6. Disclaimer of all Implied Warranties
DISCLAIMER OF ALL IMPLIED WARRANTIES
The Products covered by this contract are offered “AS IS” and “WITH ALL FAULTS.” Buyer understands and agrees that all warranties implied by the provisions of the California Uniform Commercial Code are excluded from this sale.
Seller shall in no event have obligations or liabilities to Buyer or any other person for loss of profits, loss of use or incidental, special or consequential damages, whether based on contract, tort (including negligence), strict liability or any other theory or form of action, even if Seller has been advised of the possibility thereof, arising out of or in connection with the sale, delivery, use, repair or performance of the Products or the Programs, or any failure or delay in connection with any of the foregoing. Without limiting the generality of the preceding sentence, Seller shall not be liable for personal injury or property damage.
8. Force Majeure
If the performance of this Agreement or any obligation hereunder, except the making of payments hereunder, is prevented, restricted or interfered with by reason of fire, flood, earthquake, explosion or other casualty or accident; strikes or labor disputes; inability to procure parts, supplies or power; war or other violence; any law, order, proclamation, regulation, ordinance, demand or requirement of any government agency; or any other act or condition whatsoever beyond the reasonable control of the affected party, the party so affected, upon giving prompt notice to the other party, shall be excused from such performance to the extent of such prevention, restriction or interference; provided, however, that the party so affected shall take all reasonable steps to avoid or remove such causes of nonperformance and shall resume performance hereunder with dispatch whenever such causes are removed.

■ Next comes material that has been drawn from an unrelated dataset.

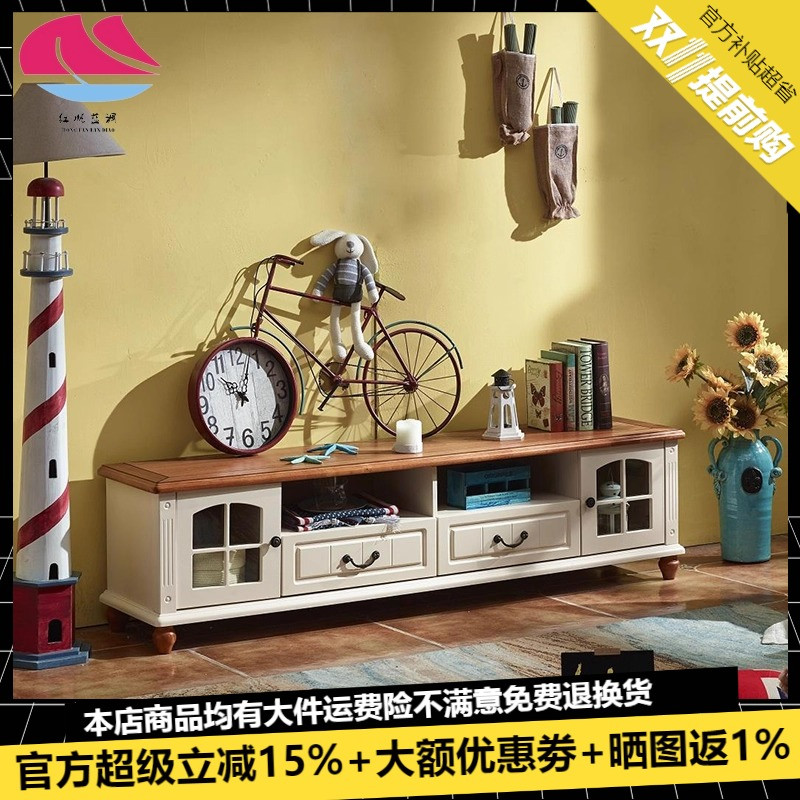 地中海小户型电视柜茶几组合美式乡村实木现代简约田园储物地柜子

Failure to make any payment when due in accordance with the terms hereof shall constitute a default. Any other material breach of this contract by either party shall constitute a default if not cured within 24 days after written notice of such breach is given.
10. No Waiver
The failure by either party to enforce at any time any of the provisions of this Agreement, or to exercise any election or option provided herein, shall in no way be construed as a waiver of such provisions or options, nor in any way to affect the validity of this Agreement or any part thereof, or the right of either party thereafter to enforce each and every such provision.
11. No Other Warranty or Representation
Buyer hereby acknowledges that it has not entered into this Agreement in reliance upon any warranty or representation by any person or entity except for the warranties or representations specifically set forth herein and in the Purchase Order.
12. HOK Marketing Rights
Buyer agrees to allow HOK non-exclusive rights to the final custom product and relevant logos / trademarks for marketing purposes.
13. Applicable Law
This Agreement shall be governed by the laws of the State of California as such laws are applied to contracts between residents entered into and to be performed entirely within the State of California.
The invalidity in whole or in part of any of these terms and conditions shall not affect the validity or enforceability of any other term or condition.